Der deutsch-britische Journalist Alan Posener wurde in London geboren und wuchs in Malaysia und Berlin auf. Er war zunächst Lehrer und machte sich als pointierter Kommentator und Blogger einen Namen. Heute ist er Korrespondent für Politik und Gesellschaft bei der "Welt"-Gruppe. Posener hat zahlreiche Bücher geschrieben, darunter "Imperium der Zukunft – Warum Europa Weltmacht werden muss" (Pantheon 2007) und "Benedikts Kreuzzug: Der Kampf des Vatikans gegen die moderne Gesellschaft" (Ullstein 2009).
"Es war nicht alles falsch am Kolonialismus"
10:28 Minuten
Der Publizist Alan Posener plädiert für eine neue Debatte über Kolonialismus. Und er hat eine klare Antwort auf die Frage: Darf man angesichts von Völkermorden und Korruption in Afrika fragen, ob der Kolonialismus nicht vielleicht besser war?
Die Thesen des US-Politologe Bruce Gilley zum Kolonialismus haben bei der Veröffentlichung 2017 eine entrüstete Debatte innerhalb der US-amerikanischen Akademikerwelt ausgelöst: Ein wenig verkürzt lautet das Fazit seines Textes über die Kolonialzeit, dass die Bilanz des Kolonialismus korrigiert werden müsse, denn es sei nicht alles schlecht gewesen. Wegen der breiten Kritik an der Veröffentlichung und Zeifeln an der Wissenschaftlichkeit seiner Behauptungen hatte die Zeitschrift den Text Gilleys zurückgezogen.
Nun fand Gilley ein neues Forum: Die AfD-Fraktion lud ihn für eine Diskussion unter dem Titel "Bilanz des Kolonialismus" in den Bundestag ein.
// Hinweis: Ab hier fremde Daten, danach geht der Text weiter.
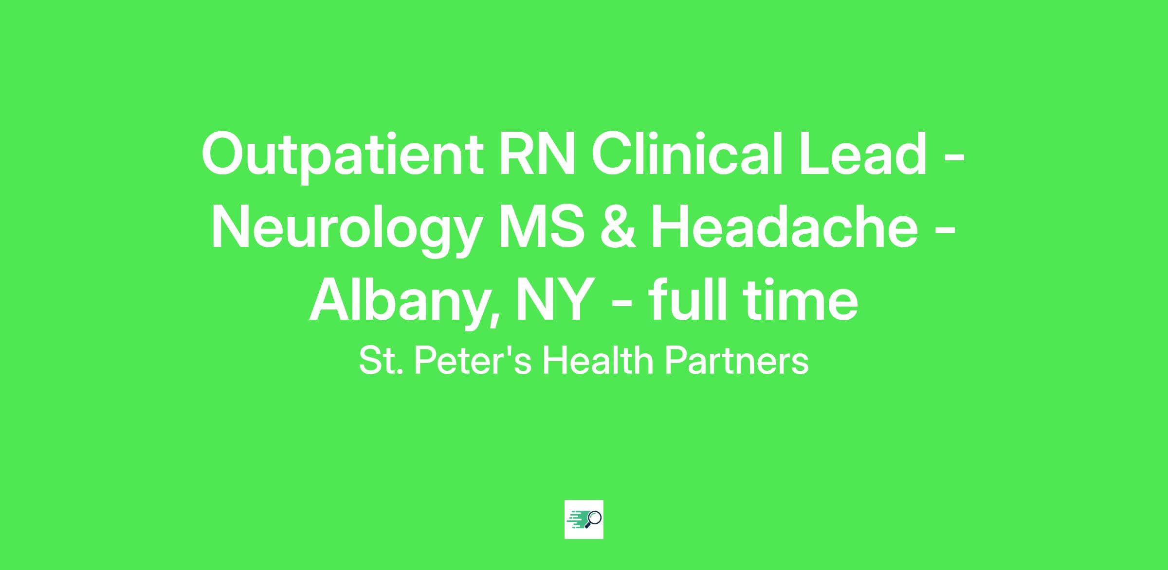 Employment Type:* Full time *Shift:* Day Shift *Description:* *Nurse Senior - Medical Practice Lead* *- MS & Headache - Albany, NY - FT* If you are looking for a Senior Nurse / RN Clinical Lead position in Albany, this could be your opportunity. Peter's Health Partner's, we care for more people in more places. Position Highlights:* * *Quality of Life:* Where career opportunities and quality of life converge * *Advancement: *Strong orientation program, generous tuition allowance and career development * *Work/Life: *Monday - Friday, Office Hours *What you will do* The *RN Clinical Lead* acts as a Technical / Clinical Lead in the Office managing the Clinical work processes. Utilizing the nursing process, diagnosis and treats human responses to actual or potential problems, taking into account individual patient special physical and age-related needs and resources. * Is accountable to the patient, family and peers for the totality of work performed in order that the organization can fulfill its mission of providing quality primary health care within the community. * What you will need:* * Three to five years nursing experience, preferably in a primary care setting and as determined by individual primary care service and specialty needs. * Demonstrates the appropriate skills and ability to assess, treat and care for patients based on age of patient served by Primary Care Center. * Current NYS license and registration * Current CPR Certification * BSN highly preferred * HS Diploma required * Ability to lift 20 lbs. *Exempt positions under the Fair Labor Standards Act (FLSA) will be paid within the base salary equivalent of the stated hourly rates. By finding common ground and embracing our differences, we grow stronger together and deliver more compassionate, person-centered care. All qualified applicants will receive consideration for employment without regard to race, color, religion, sex, sexual orientation, gender identity, national origin, disability, veteran status, or any other status protected by federal, state, or local law.

Der deutsch-britische Publizist Alan Posener verteidigte Gilleys These: "Ich habe selber vor fast zehn Jahren ein Buch geschrieben, wo ich gesagt habe, dass nicht alles falsch war am Kolonialismus und dass ich das britische Weltreich historisch für eine Glanzperiode halte - verglichen mit allem, was danach gekommen ist."
Es ist "nichts unfragbar"
Darum habe Posener interessiert, was Bruce Gilley zu sagen hat und so habe er die AfD-Veranstaltung besucht. Allerdings finde er es "eigentlich furchtbar", dass Gilley seine Thesen vor der AfD-Fraktion habe vortragen müssen, "weil sich sonst niemand dieser Sache annimmt". Auch kritisierte er, dass es in den USA Todesdrohungen gegen die Herausgeber der wissenschaftlichen Fachzeitschrift gegeben hatte.
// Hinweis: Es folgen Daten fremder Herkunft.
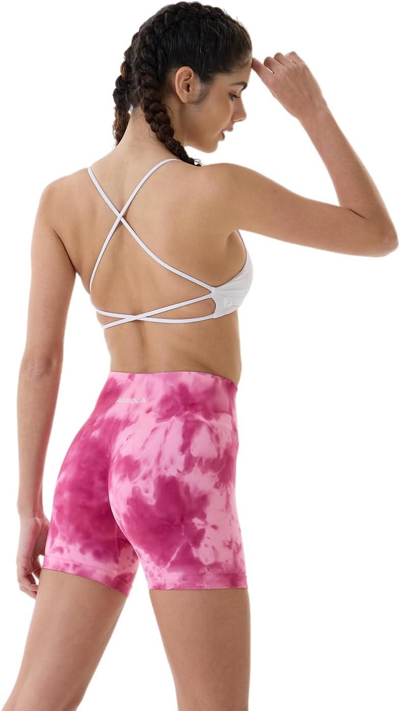 AUROLA Dream Tie Dye Workout Shorts for Women Seamless Scrunch Soft Active Shorts(Deep Red Tie Dye)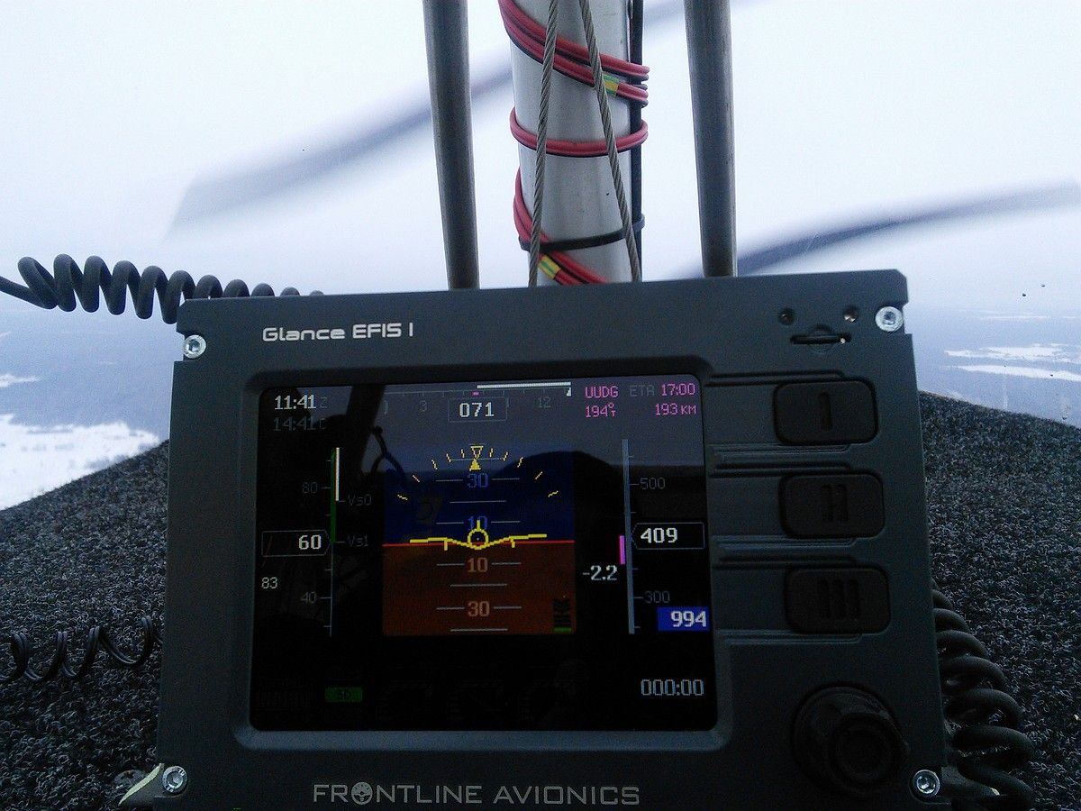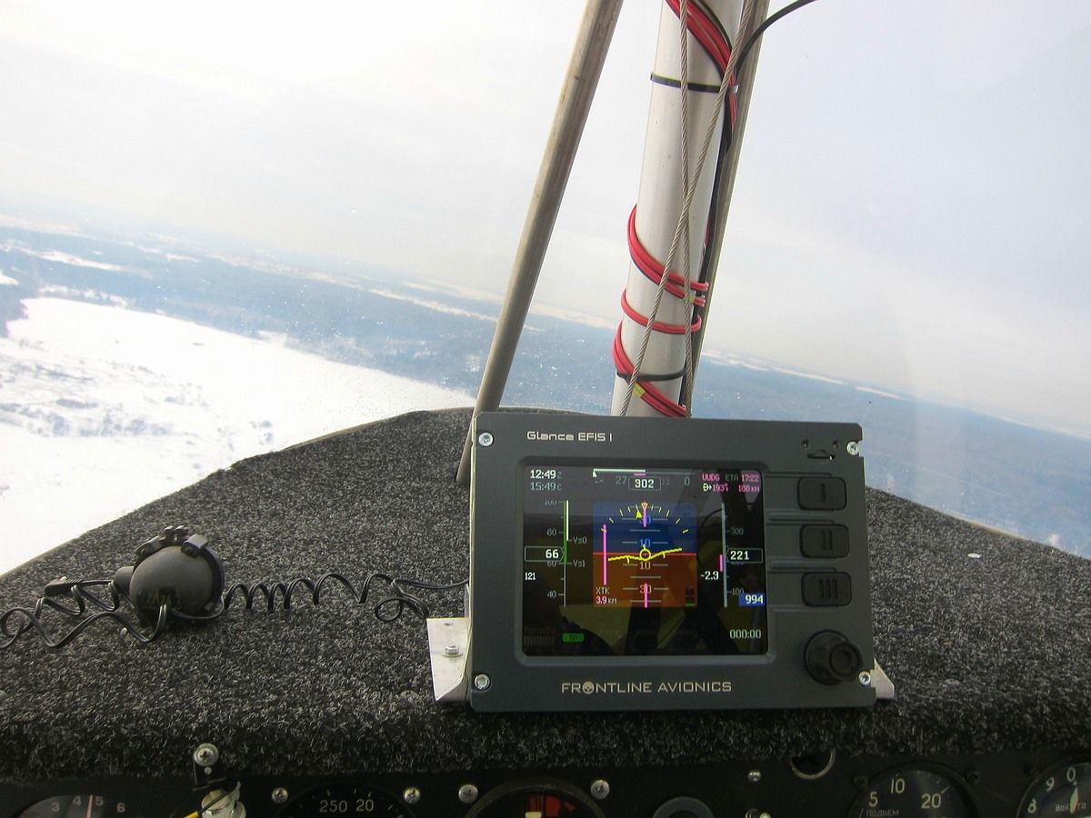 Первоочередная задача, подключение навигационного прибора Glance Efis I и проверка в работе. Вот как выглядит работа прибора в полете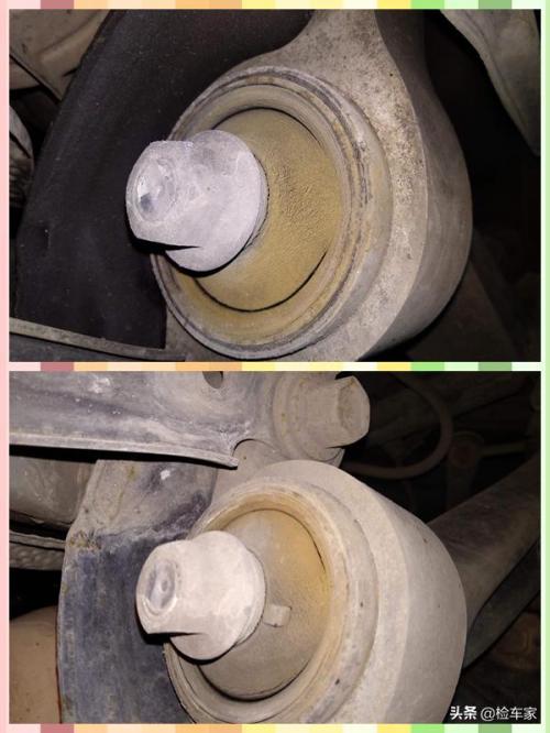 下摆臂胶套老化损伤。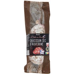Ce saucisson sec IGP Auvergne est fabriqué avec de la viande de porc française, assaisonné d'un mélange d'épices sélectionnées avec soin, relevé d'une pointe d'ail, et séché de longues semaines au pied des volcans d'Auvergne.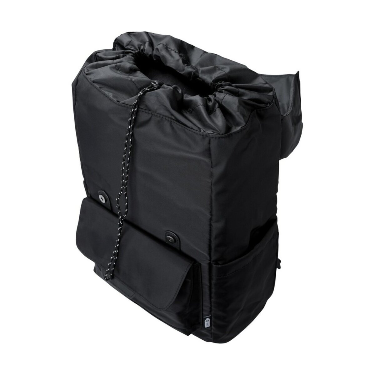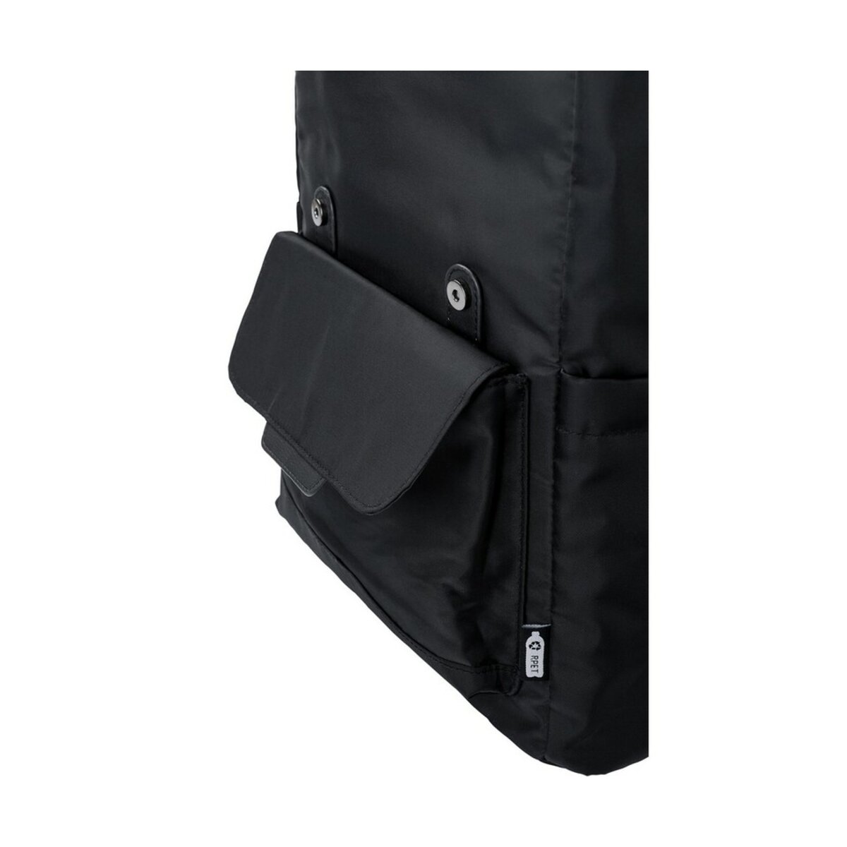 Plecak RPET wyposażony został w wygodną kieszeń na laptopa 15 cali oraz dodatkowe, boczne kieszenie, idealne na drobne akcesoria. Wewnętrzna przestrzeń zamykana jest na sznurek, co zwiększa bezpieczeństwo przenoszonych przedmiotów, a przednia kieszeń zasuwana na magnes umożliwia łatwy dostęp do najczęściej używanych przedmiotów.

Posener betonte, dass auch vor dem Hintergrund etwa der deutschen Kolonialgeschichte in Deutsch-Südwestafrika und dem Völkermord an den Herero und Nama "nichts unfragbar" sei: "Gemessen an der Zeit und gemessen an dem, was davor war - nämlich ein Kontinent im Chaos, gegenseitige Völkermorde der dortigen Nationen, einem arabischen Sklavenhandel - kann man fragen, ob der Kolonialismus nicht besser war."
Klare Ablehnung von Gilleys Thesen hatte der deutsche Historiker Jürgen Zimmerer in einem Interview mit der Welt geäußert: "Wie verrechnen Sie versklavte und ausgebeutete Menschen mit gegrabenen Brunnen? Tote mit erbauten Eisenbahnkilometern?" Dem entgegnete Posener: "Wenn es zum Beispiel eine Leistung des deutschen Kolonialismus ist, die Schlafkrankheit besiegt zu haben, wenn dadurch vermutlich zwei Millionen Menschen gerettet worden sind, dann ist das doch eine Leistung, die gesagt werden darf."
"Zum Glück hatten die Kolonialisten ein wirtschaftliches Motiv"
Alan Posener räumt allerdings ein, dass dies mit der Ausbeutung der Ressourcen der kolonisierten Gebiete einherging. Posener zitiert Gilley, der eindeutig sage: "Zum Glück hatten die Kolonialisten auch ein wirtschaftliches Motiv, denn sonst hätten sie es nicht gemacht. Also sonst hätten sie keine Straßen gebaut, keine Verwaltung eingeführt, keine Gerichtsbarkeit eingeführt, hätten sie Frauen nicht geschützt." Dass die europäischen Staaten bestimmte Menschheitsideen verkörpern, werde zu unrecht als "westlich" diskriminiert.
Posener allerdings betont auch, dass es natürlich kein Zurück gebe hinter die nationale Unabhängigkeit für die einst kolonisierten Nationen in Afrika: "Aber die Frage ist natürlich, ob wir weiterhin einfach Entwicklungshilfe dort in die Hände korrupter Eliten geben."